The OM images of IHAs before and after immersion in oral bacterial cultures are shown in Figs. 4, 5, and 6. The unused IHAs shown in Fig. 4 (A and C) exhibited pristine surface condition with uniform surface morphology. After immersion for 3 and 7 days in bacterial polyculture, mild surface discoloration and changes in surface roughness were observed on both unused IHAs as shown in Fig. 4 (B and D). Representative OM images of single-use IHAs before and after immersion in oral bacterial cultures are depicted in Fig. 5. Although no changes in surface features were observed for IHA E (Fig. 5 (A and B)), residual debris present in the notch area of IHA G was not completely removed after multiple cycles of ultrasonication as shown in Fig. 5 (D). Representative OM images of multiple-use IHAs before and after immersion in oral bacteria are depicted in Fig. 6. There were no apparent changes in surface topography of these IHAs before and after immersion. However, the used IHAs before immersion had severe discoloration and apparently rougher surfaces compared to unused IHAs. Multiple cleaning, sterilization cycles, and exposure to oral bacterial culture resulted in removal of the anodized layer on the IHA as shown in Fig. 6 (B) and reduction in white deposits, but the surface roughness and irregularities seemed to remain the same on the IHA as shown in Fig. 6 (D).
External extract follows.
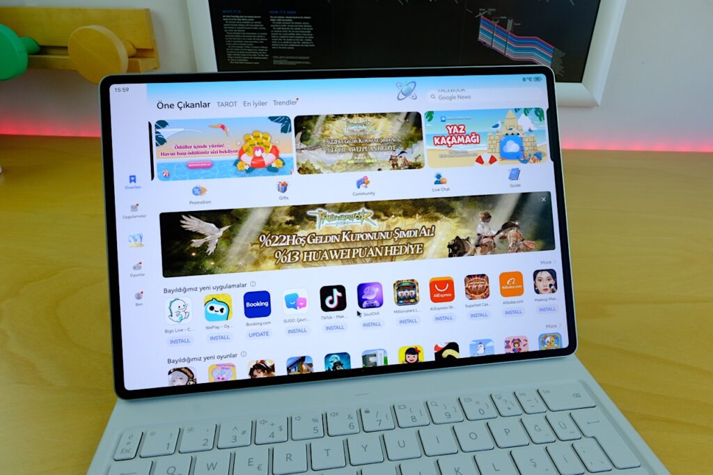 Yazılım tarafındaki bir diğer önemli unsur ise uygulama erişimi. Huawei AppGallery, tabletin ana uygulama mağazası olarak hizmet veriyor ve şu anda dünyanın en çok kullanılan üçüncü uygulama mağazası konumunda bulunuyor. AppGallery üzerinden, GBox isimli uygulama yüklenerek Google Play Store’a erişim imkanı da sağlanıyor. GBox, Google uygulamalarını destekleyen bir yapı sunduğu için kullanıcılar YouTube, Google Maps, Gmail ve benzeri uygulamaları doğrudan çalıştırabiliyor. Bununla birlikte uygulama içi Google ile oturum açma, arka plan servislerinin kullanımı gibi işlevler de MicroG aracılığıyla destekleniyor. Yani Google Play Store’un eksikliği bu modelde pratik yöntemlerle tamamen aşılmış durumda.

Figure 4. — Representative OM images of unused implant healing abutments (IHAs). (A, C) Collar-neck region of unused IHAs before immersion (100X magnification). (B) Collar-junction of unused IHA with arrow indicating surface discoloration and irregularities after immersion (100X magnification). (D) Collar region of unused IHA with arrows indicating abrasions and discoloration after immersion (200X magnification).

Figure 5. — Representative OM images of IHAs after single implantation. (A) Collar region of IHA E with arrow indicating surface discoloration and layers peeling off before immersion (100 × magnification). (B) Collar region of IHA E after immersion with arrow indicating surface damage still present (100 × magnification). (C) Collar region of IHA G with arrow indicating biological debris before immersion (100 × magnification). (D) Collar region of IHA G with arrow indicating residual debris after immersion (100 × magnification).

Figure 6. — Representative OM images of IHAs after multiple implantations. (A) Collar region of IHA B with arrow indicating surface discoloration before immersion (200 × magnification). (B) Collar region of IHA B with arrow indicating discoloration and debris after immersion (200 × magnification). (C) collar region of IHA F with arrow indicating white deposits and apparent roughness before immersion (200 × magnification). (D) collar region of IHA F with arrow indicating residual deposits and roughened surface after immersion (200 × magnification).

4. Discussion

Healthy peri-implant soft tissue around a dental implant is crucial to maintain implant functionality and esthetics in the long term [2, 9]. The attachment of soft tissue to the IHA and implant body neck during the initial healing period is essential to hamper bacterial infiltration and early implant complications [8, 12]. However, reusing IHAs might jeopardize this function, yet no prior studies have evaluated the impact of multiple implantation and sterilization cycles on either mammalian or bacterial cell behavior. Hence, the goal of this study was to elucidate the in vitro biological response to IHA retrievals. It was hypothesized that the viability of fibroblasts and keratinocytes would be significantly lower while bacterial adhesion would be significantly higher on used IHAs versus unused ones.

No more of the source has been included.